David lo osservò per un istante, poi distolse lo sguardo.
Tornò a guardare il vecchio, supplichevole.
“Non me ne importa niente della mia fermata! Voglio diventare come voi! Insegnami come si fa… per favore…”, gli disse sottovoce, quasi supplicandolo.
Il vecchio si limitò a lanciargli l’ennesimo sorriso.
Al suo posto, rispose Jacob. Questa volta, l’uomo si rivolse ai due ruotando il busto.
“Vuoi sapere la verità, David? Scendi da questo autobus finchè sei in tempo. Perché non gliene frega niente a nessuno, di diventare come noi. Neanche a te, credimi. Ti conviene dimenticare quanto accaduto, gettare nel mare i tuoi sogni e fare la vita che fanno tutti gli altri. Niente sogni, niente aspettative, niente ideali. Vuoi sapere perché la maggior parte della gente fa così? E’ presto detto. Per un’unica, semplice ragione. Perché conviene. Perché è più facile. Perché è l’unica strada che tu possa seguire se vuoi ottenere qualcosa da questa vita di merda. Vuoi diventare come noi? Accomodati pure, David! Vuoi rinunciare al tuo lavoro, ai tuoi soldi, alla tua macchina e alla tua casa? Dai, sì, fallo pure! Ma sappi che questo non ti porterà da nessuna parte! Ti considereranno pazzo, ti guarderanno come si guarda una persona che ha qualche rotella fuori posto!!! E se qualche volta proverai a tirare fuori la parola “coscienza” e “anima”, non farai altro che farti ridere dietro! Sei sicuro di volerlo fare, David?”, disse Jacob.
David esitò un attimo. Guardò l’uomo, poi si voltò verso il vecchio. Chiuse gli occhi per un attimo, poi li riaprì deciso.
“Sì, sono sicuro”, disse.
“Molto bene – sentenziò il vecchio – “Ma sappi che questo significherà perdere tutto. La tua reputazione, il tuo status sociale…e anche il rispetto da parte delle persone normali”.
“Non mi importa – rispose sicuro David – ho preso la mia decisione”.
“Molto bene. Allora da domani comincerai il tuo percorso”, disse il vecchio.
“Eh? Cosa? Perché domani? Non possiamo iniziare adesso?”, rispose David, allarmato.
“No, ragazzo – rispose il vecchio – per stasera il nostro viaggio termina qui. Siamo arrivati al capolinea, non te ne sei accorto?”, disse.
In effetti, l’autobus si era appena fermato. Senza che David ci avesse fatto caso, Charlie aveva spento il motore ed era sceso a fumarsi una sigaretta.
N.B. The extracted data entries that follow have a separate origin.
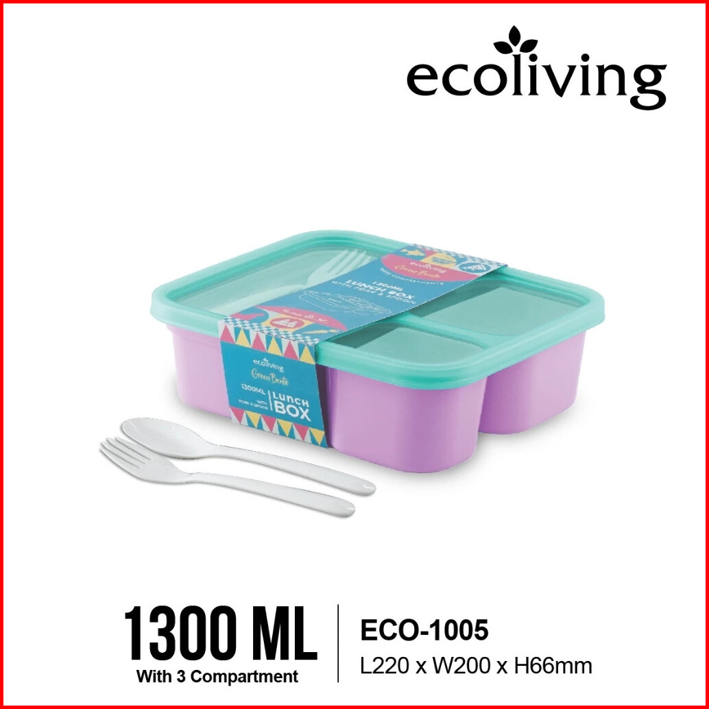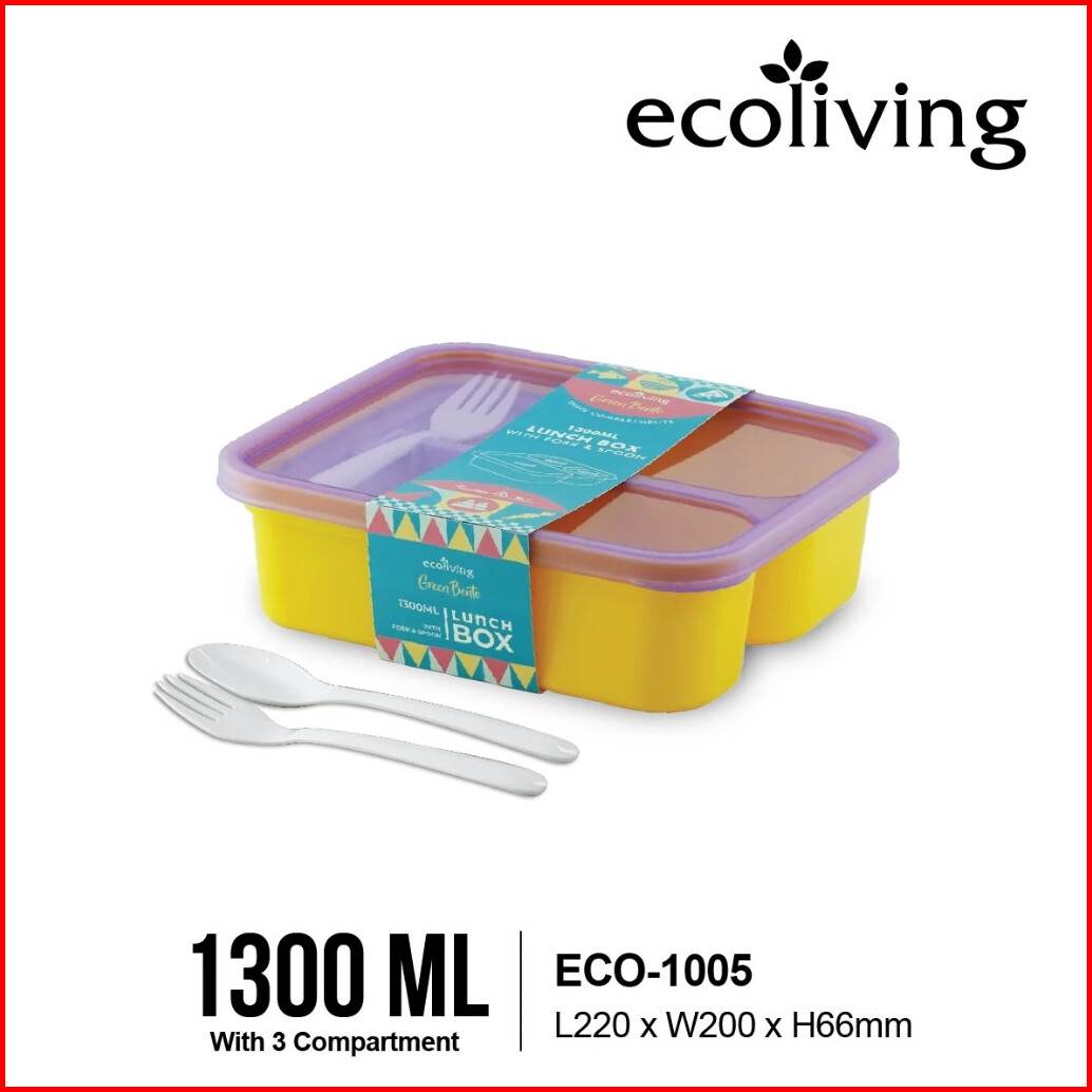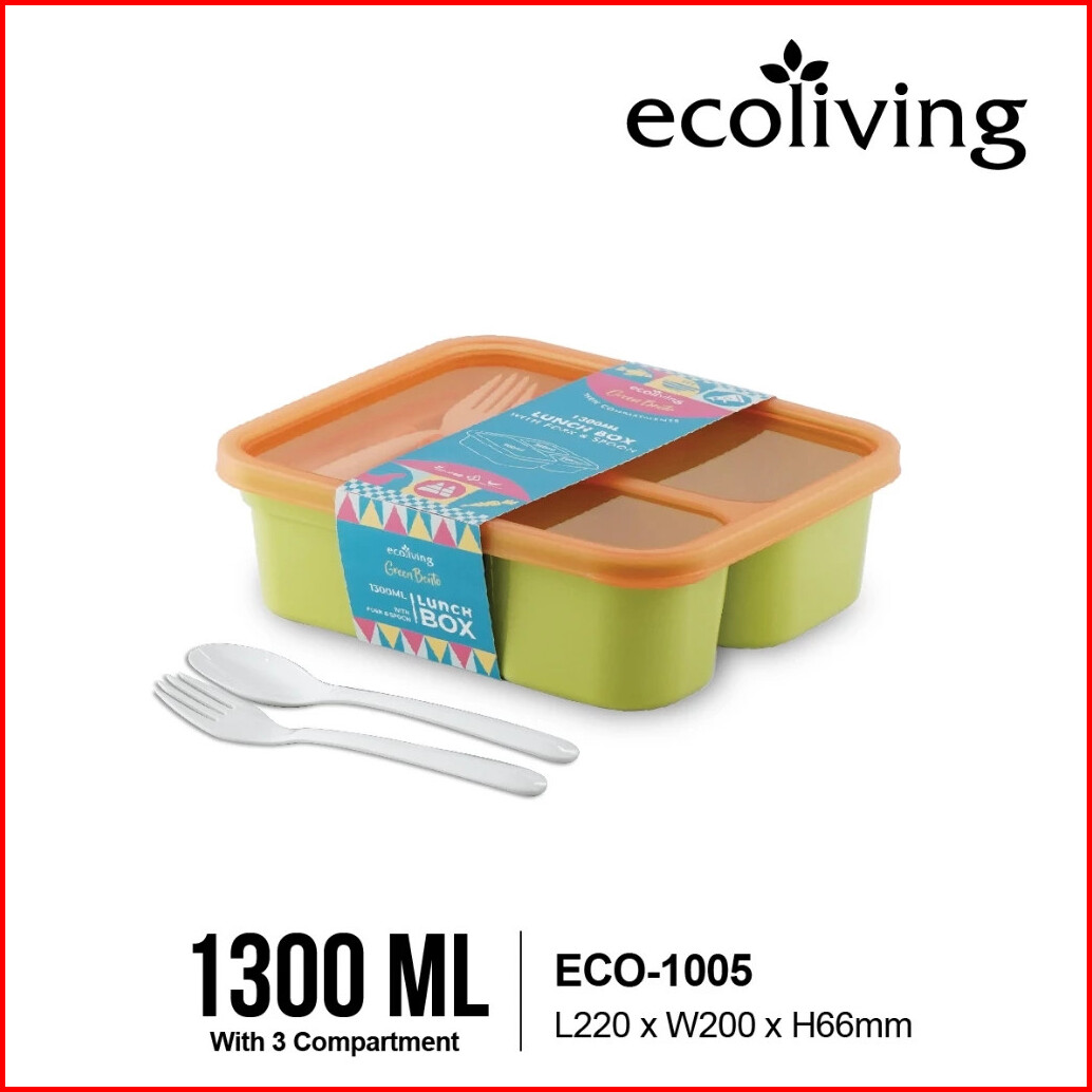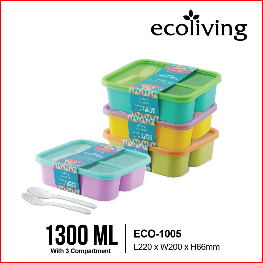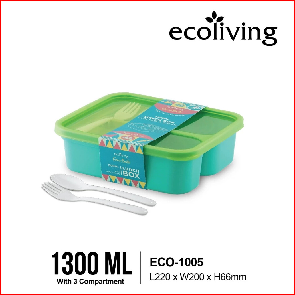 Eplas X Eco Living Green Bento 1300ml 3 Compartment Colorful Bento Lunch Box With Fork Spoon Food Container Kotak Makan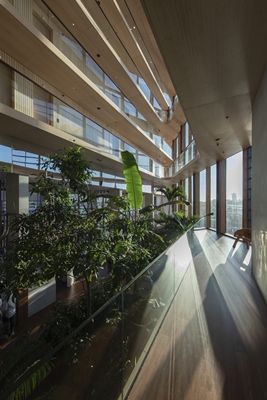 Ook is de jury bijzonder enthousiast over de detaillering van het hotel: het bamboe op de vloer, overal houten wanden, de verlichting, de afgeronde betonnen trappen, de afgeronde hoek aan de voorzijde… het klopt overal. Ook kun je, als je goed kijkt, in de gevel zien dat het gebouw opgebouwd is uit modules. Wel zo eerlijk, vindt de jury.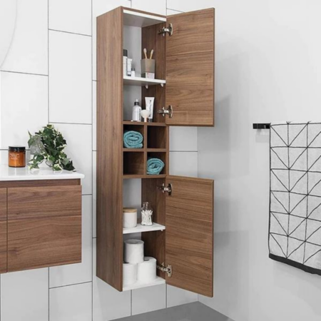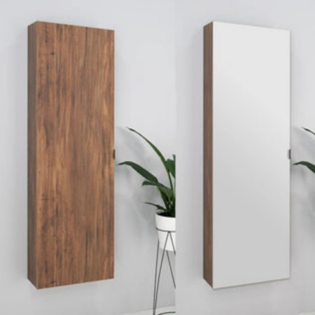 $909.00 – $1035.00- Stylish wall hung bathroom tallboy design available in woodgrain front or mirror front

Gli altri passeggeri, in silenzio, stavano scendendo uno alla volta.
“Torna a casa, David…tua moglie ti starà aspettando”, concluse il vecchio, lanciandogli un’ultima occhiata.
David scese dall’autobus. Ormai era notte, e per la strada non passava quasi più nessuno. I passeggeri dell’autobus si stavano allontanando a piedi, senza neanche degnarsi di uno sguardo, ognuno per la sua strada. David fece un cenno all’autista, poi si incamminò verso casa. Per sua fortuna, la strada da percorrere era poca.

“Si può sapere che cazzo di fine hai fatto, David??? E’ da un’ora che ti stiamo aspettando! Un’ora!!! Lo sai cosa vuol dire restare anche solo un’ora da sola con lui??? Ti rendi conto di cosa significhi per me, eh???” – Sonia non l’aveva presa bene. Non aveva preso bene il suo ritardo, il fatto che avesse dovuto imboccare Thomas tutta da sola.
Già, Thomas…
“Sonia, posso spiegarti… ho fatto tardi a lavoro…”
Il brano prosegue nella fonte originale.